Por Carlos Del Frade

(APe).- La primera semana del juicio a Los Monos dejó como resultado un conjunto de palabras y conceptos que van desde “rentabilizar la violencia” al “desprecio por la vida”, pasando por “pactos políticos”, “chivos expiatorios” y cercanías con Colombia.
Pero hay cinco ausencias significativas que, para ser gráficos, pueden reducirse a tres palabras que empiezan con la letra D: dinero, dolor y discurso institucional. Y dos elementos más: la justicia federal rosarina y el miedo.

Porque la historia, la evolución de la banda de Los Monos es también parte de la historia política, social y económica de Rosario, Santa Fe y Argentina.

No hay discurso institucional que explique el origen y crecimiento de la organización. Algo aparece en la causa madre, la 913 del año 2012, pero está lejos de constituirse en un relato homogéneo que sea el asumido por autoridades políticas, legislativas, judiciales y empresariales.

Tampoco aparecieron las voces del dolor, consecuencia de aquel “desprecio por la vida” del que hablaron los fiscales en la audiencia inaugural del pasado martes 21 de noviembre de 2017.

¿Estarán las voces de las familias destrozadas en los últimos diez o quince años?.

Y el principal elemento que no surge con claridad es el dinero. El corazón del capitalismo, el porqué de la violencia y el narcotráfico.
Quizás esta última década y media en Rosario, Santa Fe y la Argentina merezca una crónica de las formas de acumulación de dinero. Un relato que marque y señale a los principales beneficiados. Hace falta una construcción paralela a lo que surge de las audiencias del juicio a Los Monos porque, si no, se corre el riesgo de no explicar ninguno de los elementos nombrados en esa primera semana del proceso.

El cuarto elemento, pesado, ajeno, olvidado, es el triste rol de la justicia federal rosarina.

El narcotráfico, hasta ahora, sigue siendo un delito federal pero la principal organización dedicada al narcotráfico no fue nunca llamada a declarar ante los tribunales federales de la ex ciudad obrera.

Con pocas menciones a los protagonistas del dolor, con escasas referencias a una explicación institucional, con casi ninguna alusión al circuito del dinero y el silencio absoluto de la justicia federal, la primera semana del juicio a Los Monos ratificó que se juzga a algo que va mucho más allá de los 25 acusados.

Se está juzgando, por ahora en ausencia, a las formas que adquirió el capitalismo en los últimos quince años en Rosario, Santa Fe y la Argentina.

Y queda flotando una pregunta atronadora que quizás alguna vez se responda, ¿de qué se ríen los principales integrantes de la banda que ya saben que los quieren condenar hasta con 41 años de cárcel?.

¿Se reirán por los palabras pronunciadas o tal vez por estas ausencias pesadas y significativas?.

O quizás se rían del miedo que todavía infunden en distintos sectores de esas mismas instituciones que no pudieron construir un relato que explique la historia de la última década y media.

El miedo es el quinto elemento presente, dentro y fuera del tribunal, palpable y concreto mientras se desarrollan las audiencias.
En la primera semana del juicio a Los Monos, el factor del miedo está robusto aunque no se lo mencione.

Las cinco ausencias durante estos primeros días de proceso judicial marcan la verdadera estatura de la banda.

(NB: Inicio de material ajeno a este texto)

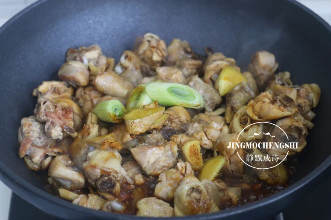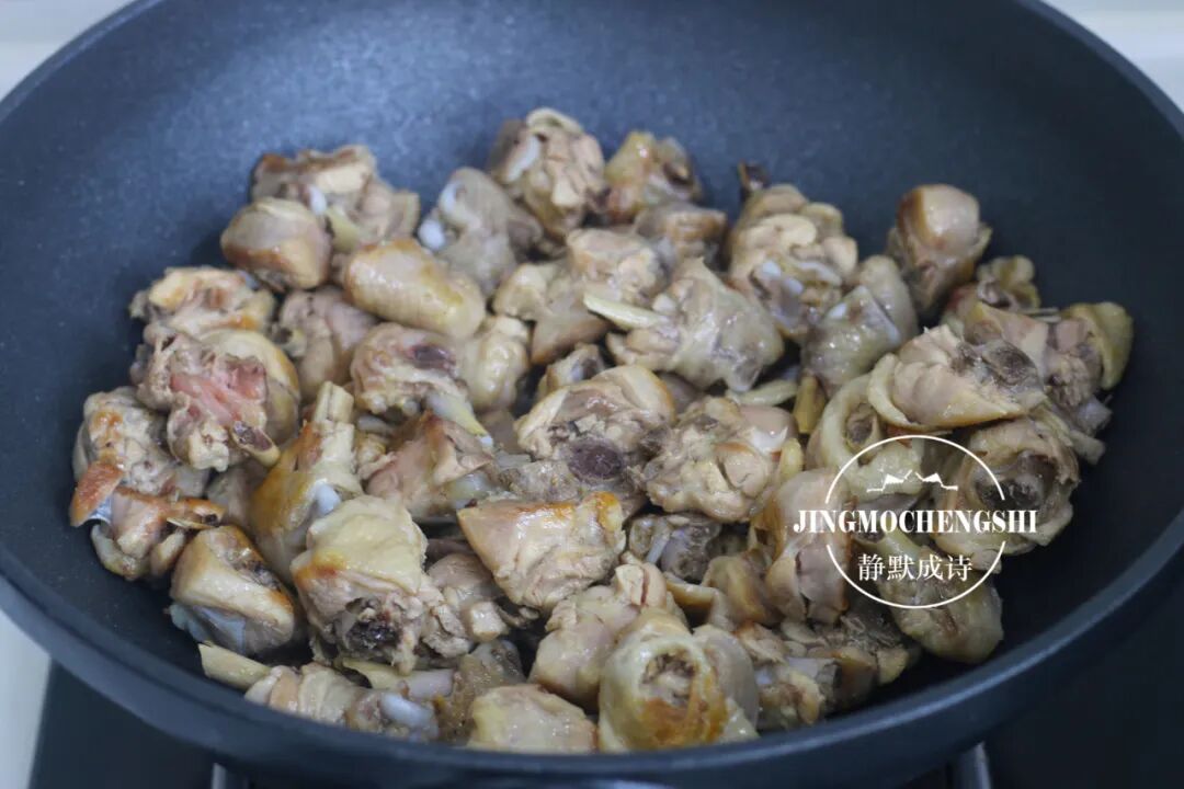 6、热锅热油,油少放一些,把沥过水的鸡肉倒进锅中,小火煸炒,把鸡皮部分煎至金黄。煸炒过的鸡肉会更加坚实,口感会更好一些。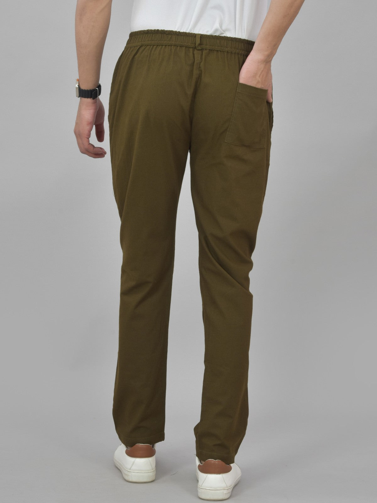 Pack Of 2 Brown And Mehendi Green Airy Linen Summer Cool Cotton Comfort Pants For Men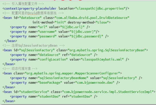 ● 主配置文件中不再需要數(shù)據(jù)源的配置了。因?yàn)閿?shù)據(jù)源要交給 Spring 容器來管理了。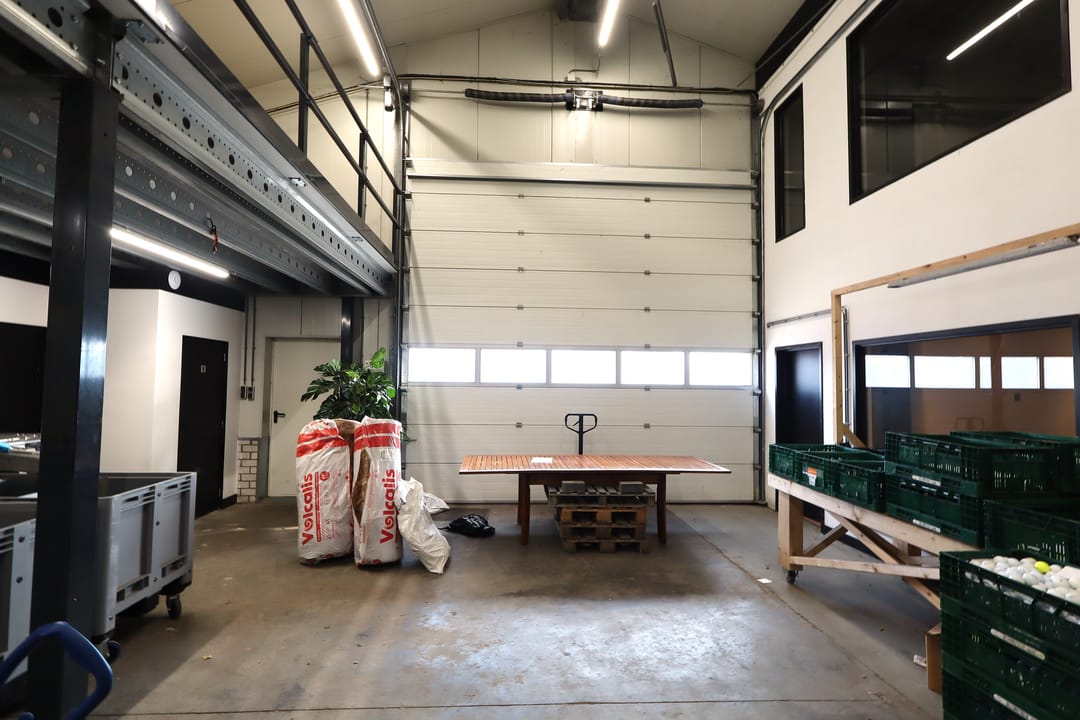 - Overheaddeur van 4.30m hoog en 4.85m breedte.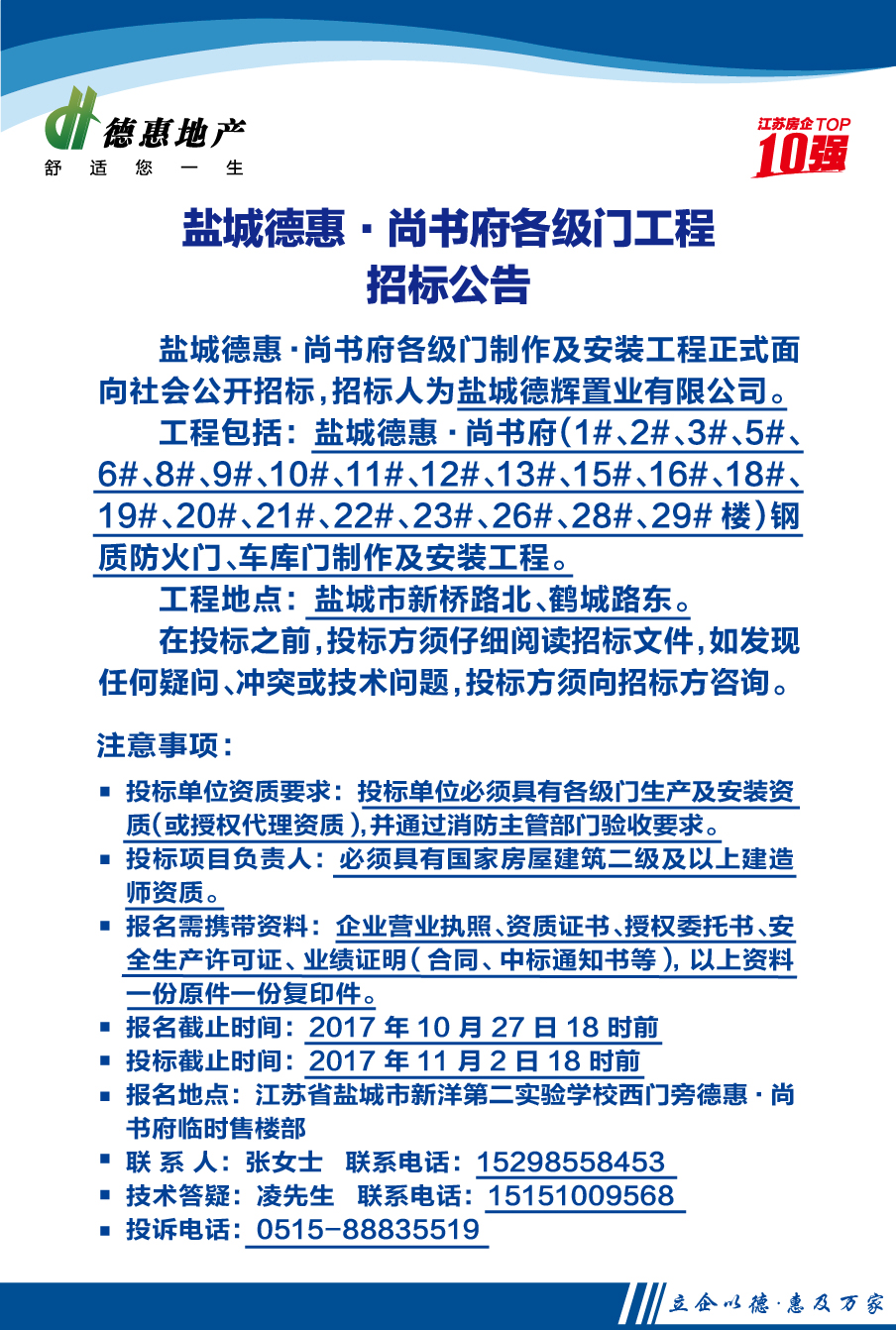 鹽城德惠·尚書府售樓處、樣板房精裝修工程招標公告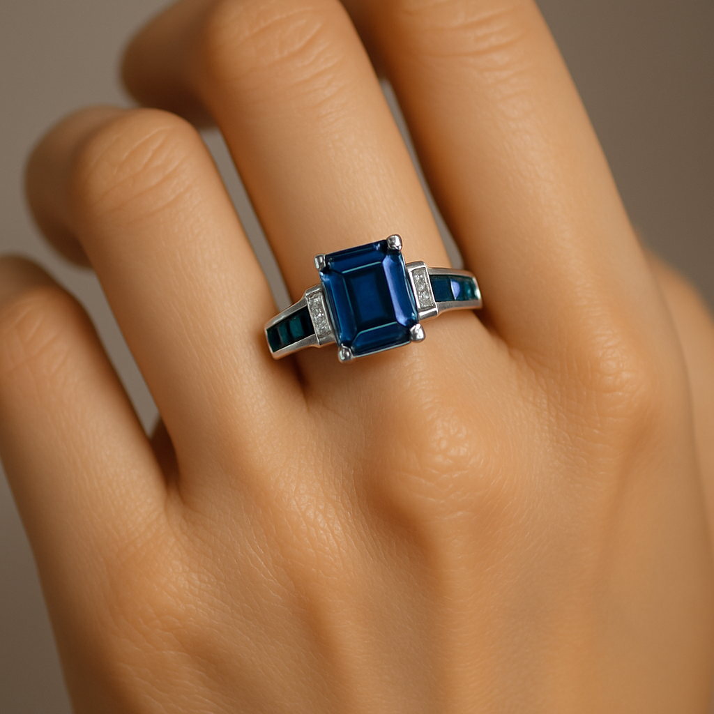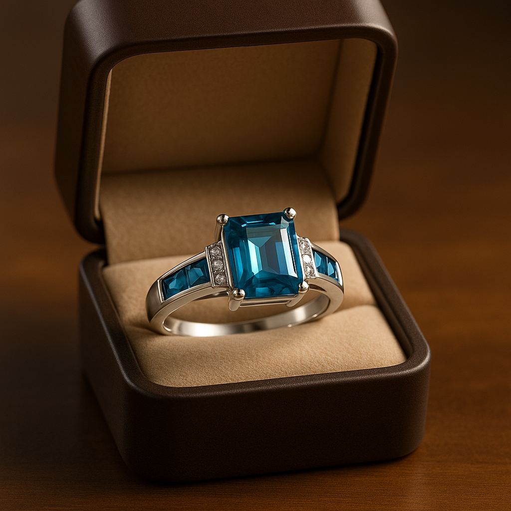 • Center: Emerald-cut blue stone (Blue Topaz / Aquamarine / Blue Sapphire / premium CZ options)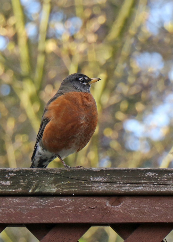 Posted on April 18, 2020April 22, 2020 by WillemSaturday/ a little rain There was a little rain this morning — just a sprinkle. This afternoon Mr Robin came by (American robin, Turdus migratorius). He sat still on the fence for just long enough so that I could snap him.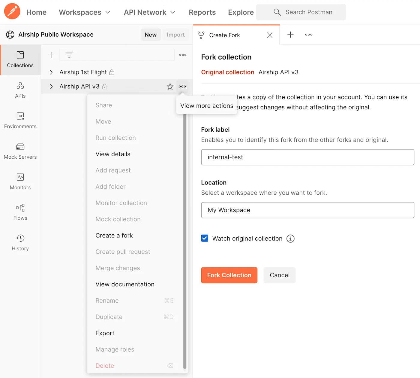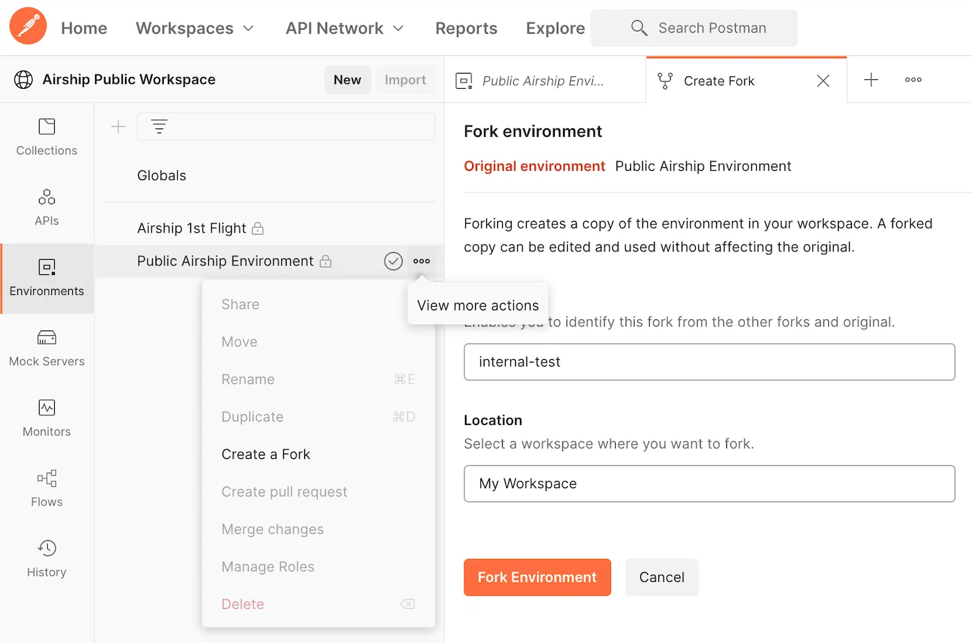 To use the Airship collection, you will fork the collection and an environment to your personal workspace, where you can personalize your payloads and add your project credentials, channels, etc. You can also choose to get updates when there are changes to the main collection.

Una dimensión que no podrá explicarse en profundidad si solamente se la juzga por cinco de los asesinatos cometidos.

Lo pesado de Los Monos, en definitiva, es lo pesado de la evolución de la ciudad de Rosario, de la provincia de Santa Fe y la República Argentina en estos tiempos del tercer milenio.

Fuente: Entrevistas realizadas por el autor de esta nota a diversos actores institucionales de Rosario y la provincia de Santa Fe entre el 21 y el 26 de noviembre de 2017.